What have you read that makes you think it can be done soon?


First, there is a soon to be testable hypothesis, is the Human Mind in fact already an example of a quantum biocomp?

Second, can human minds be linked?

This is actually a given, we already communicate, the question really revolves around a new type of linkage that mimics web technology.

Third, how fast the interface to the brain can be developed as in the hippocampal implant and the corrolary and ancillary developments this approach provides.

Fourth, can software be created that allows direct communication between a sentient human and an Artificial Intelligence?

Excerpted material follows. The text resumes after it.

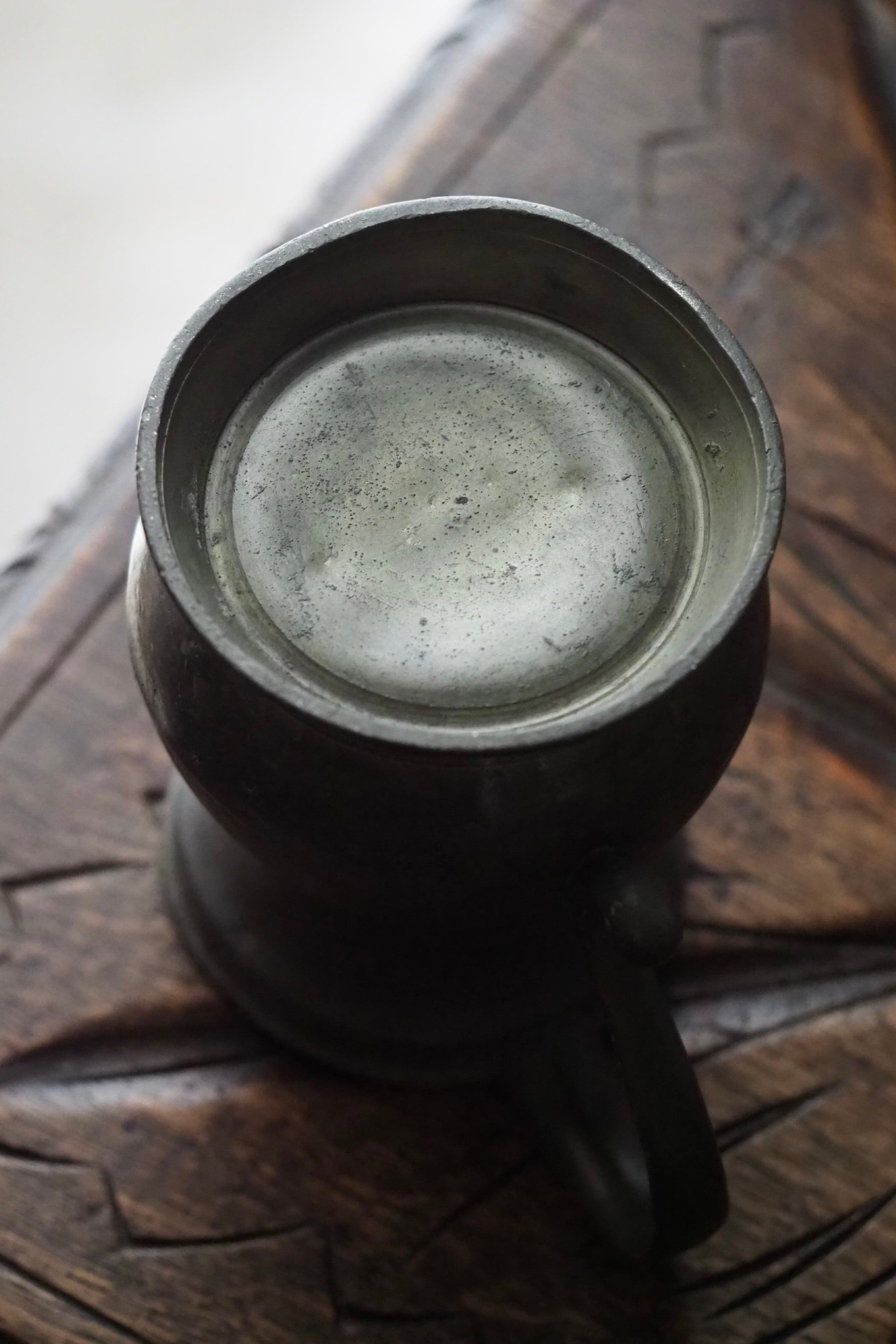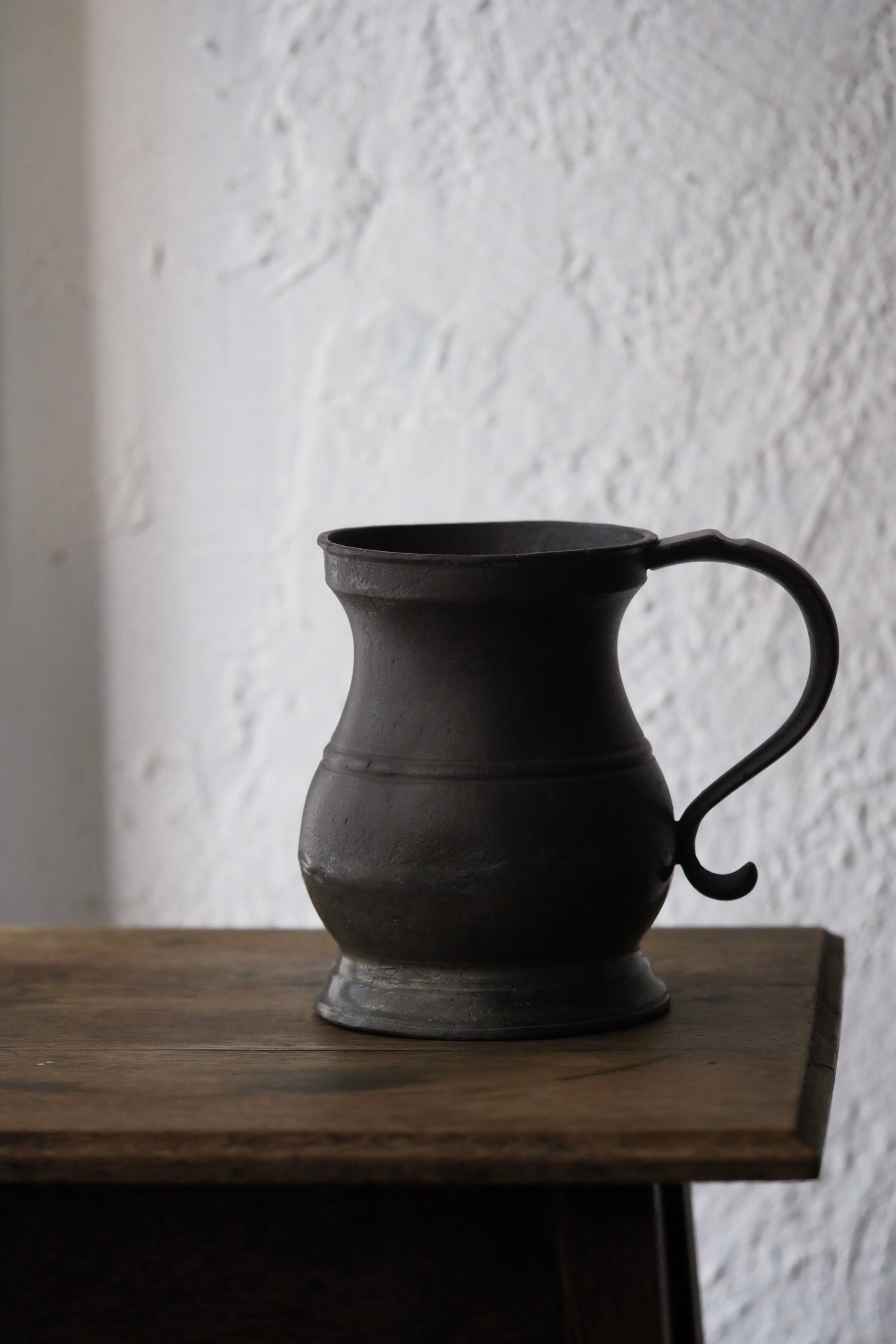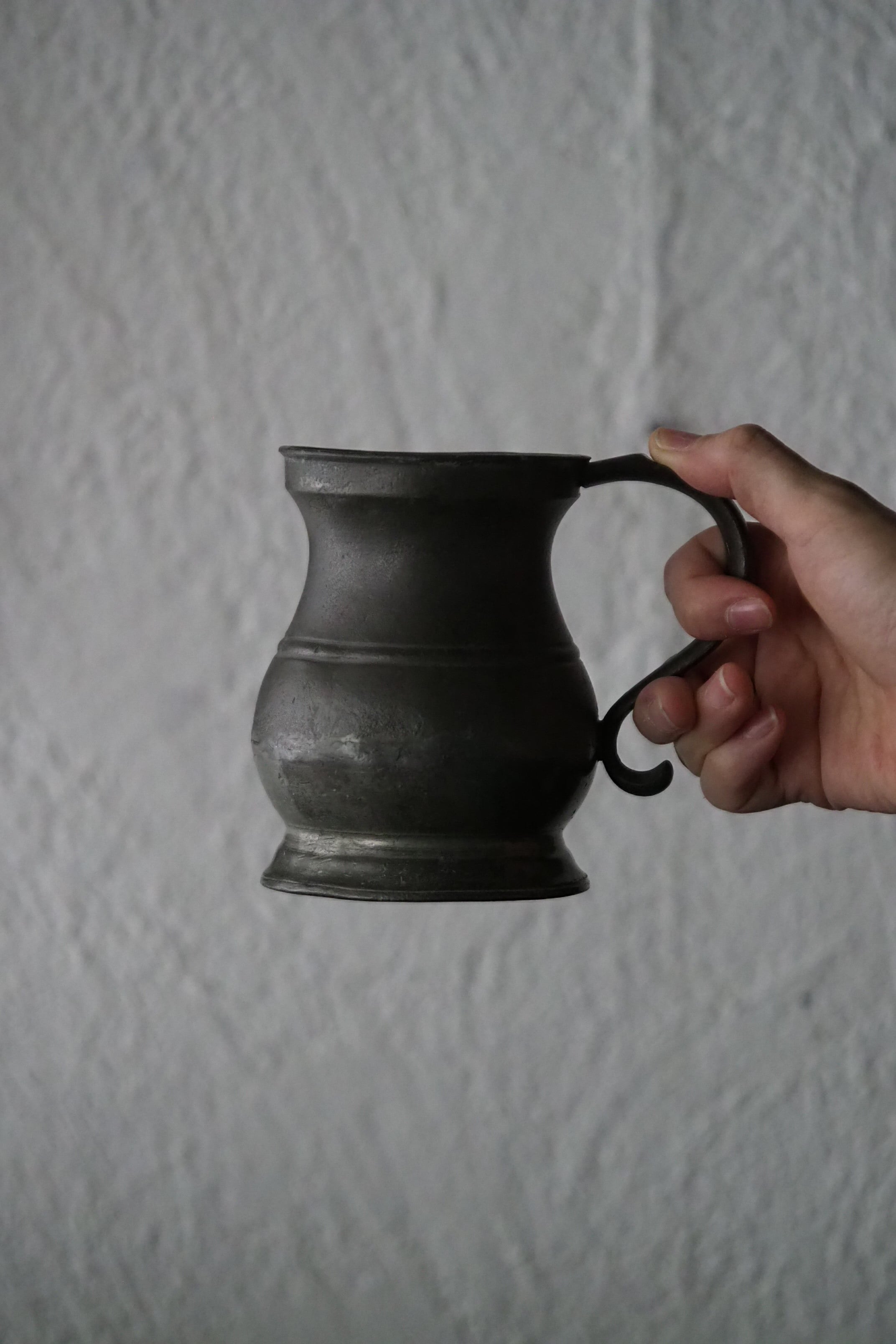 燻した低いトーンのピューター、アンティークなりの重さがある計量カップ。

Again this parallel development is beginning to accelerate well ahead of both theoretical mathematics and the applied computer languages, by the very simple expedient of mimicking already existing models evolved through nature.

Also it appears the actual "program language" of physiology is remarkably simple. Simple the way a brick is. Each brick in itself is quite mundane, but can be assembled in fantastically diverse and complicated manners. Our bodies function with "simple programs" that are assembled into remarkably diverse applications; DNA/RNA and the synaptic neurophysiological interface.

Fifth, what will occur once human minds interface with each other AND the Web? Will this herald just a lot of talk, or a quantum leap in computation power by the members of the link?

If you haven't noticed I have avoided the evolutionary biology arguments of Lovelock and other GAIA theorists that this is also a product of Natural Selection for a biological Singularity.

I am still unprepared to make that argument but evidence is mounting that we are at least being subjected to a specie's wide universal meme of tremendously powerful "self prophetic" character.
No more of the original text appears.